**Entries taken from a collection:**
╔══

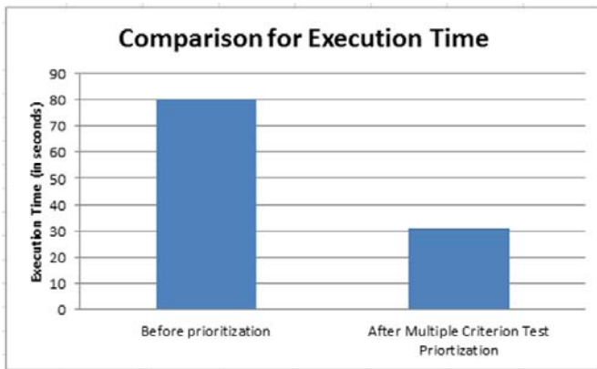
Figure 1: Execution time variation of proposed and existing work

The primary concern of the software testing process is to save testing resources and to find maximum bugs from limited resources. For providing optimized solution for the same we have done changing in regression testing process by introduction of multiple criteria’s for testing. Basically we did here in our research ad hoc regression testing, testing in which test cases are made only if any bug found in application. Testing is done in two programming languages for checking compatibility and test case prioritization is consider in both of the languages for same application.
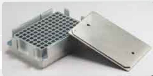
Figure 1: Standard plate carrier (4ti-0615) and the optional adapter for 96well PCR plates (4ti-0625)

For better sealing of those films which have a tendency to curl we offer sealing aids. A weighted platen (4ti-0602) for use with deep well blocks is provided with the unit and a sealing frame for use with all other plate designs is supplied when ordering the optional 4ti-0625 adapter.
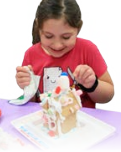
Second graders made gingerbread houses in the Elementary Café on Dec. 19, with help from family members and members of the National Junior Honor Society and Middle School Student Council. Houses were constructed in the morning, left to dry, and then decorated in the afternoon.
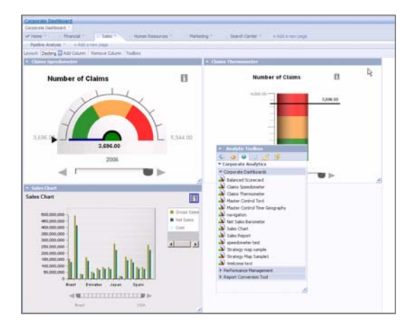
Figure 1: Monitor Business Performance and Make Informed Decisions

With a consolidated view of business performance, BusinessObjects™ Dashboard Builder XI from Business Objects, an SAP company, provides boundless visibility across the organization – delivering confidence in your business decisions.
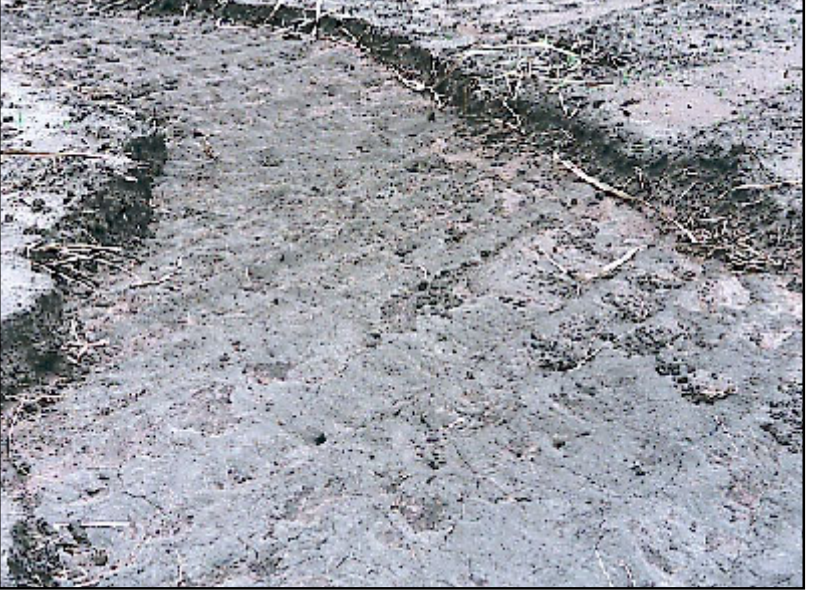
The beginning of erosion caused by soil compaction.

• A primary cause of soil salinisation is the development of high water tables, which allow
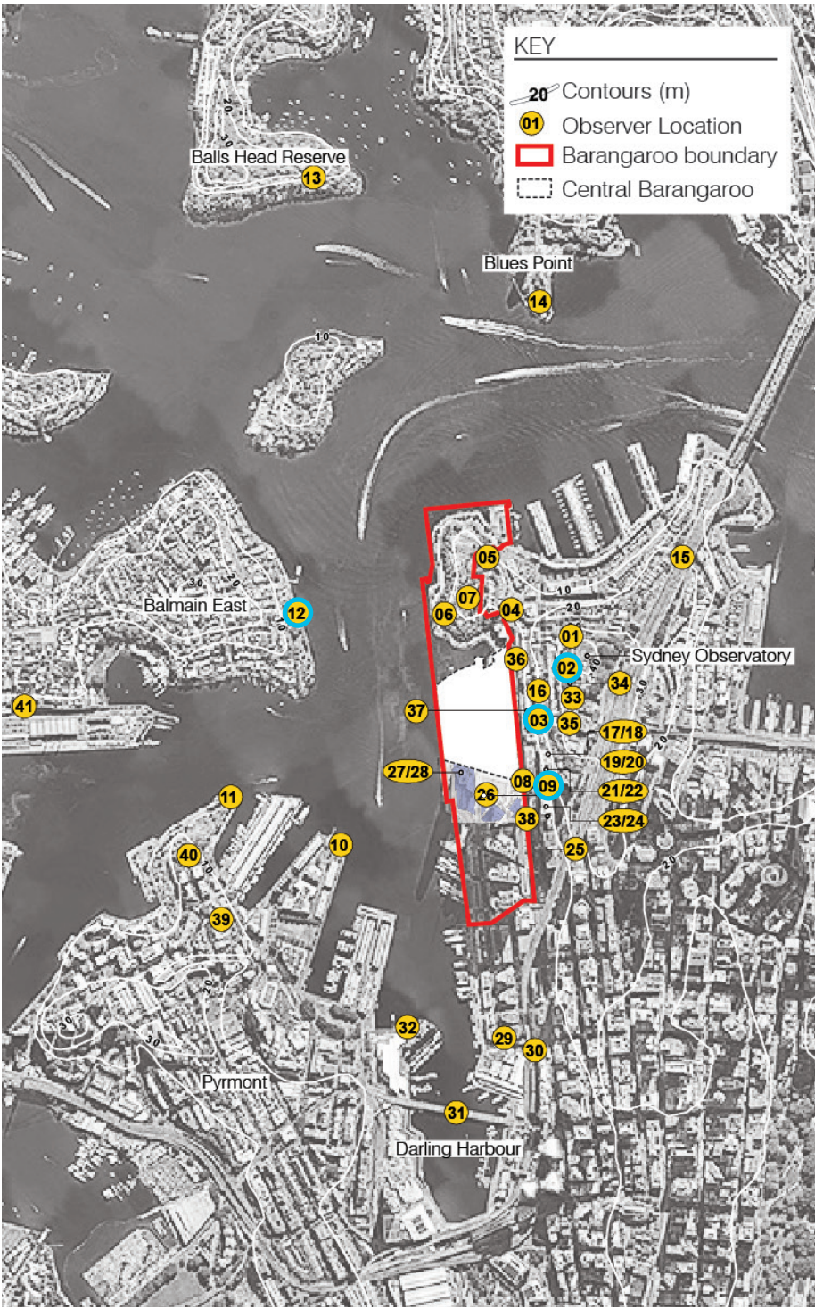
Figure 1 Map of Observer Locations (OL's) assessed in the VVIA (2023)

Figure 1 shows the observer locations assessed in the VVIA (2023), with those considered in this addendum VVIA (2024) outlined in blue.
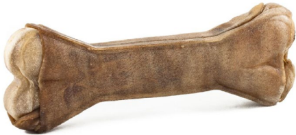
Deer rawhide chew bone
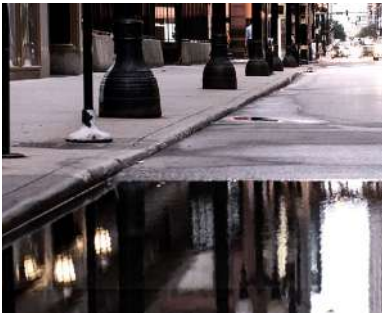
Figure 3. Do Not Operate in Water
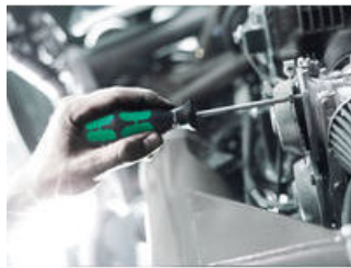
Kraftform Screwdrivers Series 300
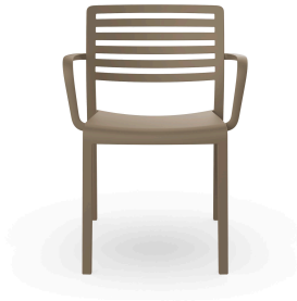
Lama Armchair Sand 01326
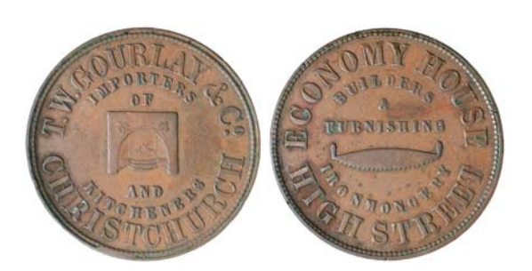
809* Gourlay, J.W. & Co., Christchurch penny, undated (A.151). Red brown patina, very fine. $200

╚══

**What the exercise asks:** Every entry should be returned exactly as written, minus the pictures.

**Exercise answer:**
Figure 1: Execution time variation of proposed and existing work

The primary concern of the software testing process is to save testing resources and to find maximum bugs from limited resources. For providing optimized solution for the same we have done changing in regression testing process by introduction of multiple criteria’s for testing. Basically we did here in our research ad hoc regression testing, testing in which test cases are made only if any bug found in application. Testing is done in two programming languages for checking compatibility and test case prioritization is consider in both of the languages for same application.
Figure 1: Standard plate carrier (4ti-0615) and the optional adapter for 96well PCR plates (4ti-0625)

For better sealing of those films which have a tendency to curl we offer sealing aids. A weighted platen (4ti-0602) for use with deep well blocks is provided with the unit and a sealing frame for use with all other plate designs is supplied when ordering the optional 4ti-0625 adapter.
Second graders made gingerbread houses in the Elementary Café on Dec. 19, with help from family members and members of the National Junior Honor Society and Middle School Student Council. Houses were constructed in the morning, left to dry, and then decorated in the afternoon.
Figure 1: Monitor Business Performance and Make Informed Decisions

With a consolidated view of business performance, BusinessObjects™ Dashboard Builder XI from Business Objects, an SAP company, provides boundless visibility across the organization – delivering confidence in your business decisions.
The beginning of erosion caused by soil compaction.

• A primary cause of soil salinisation is the development of high water tables, which allow
Figure 1 Map of Observer Locations (OL's) assessed in the VVIA (2023)

Figure 1 shows the observer locations assessed in the VVIA (2023), with those considered in this addendum VVIA (2024) outlined in blue.
Deer rawhide chew bone
Figure 3. Do Not Operate in Water
Kraftform Screwdrivers Series 300
Lama Armchair Sand 01326
809* Gourlay, J.W. & Co., Christchurch penny, undated (A.151). Red brown patina, very fine. $200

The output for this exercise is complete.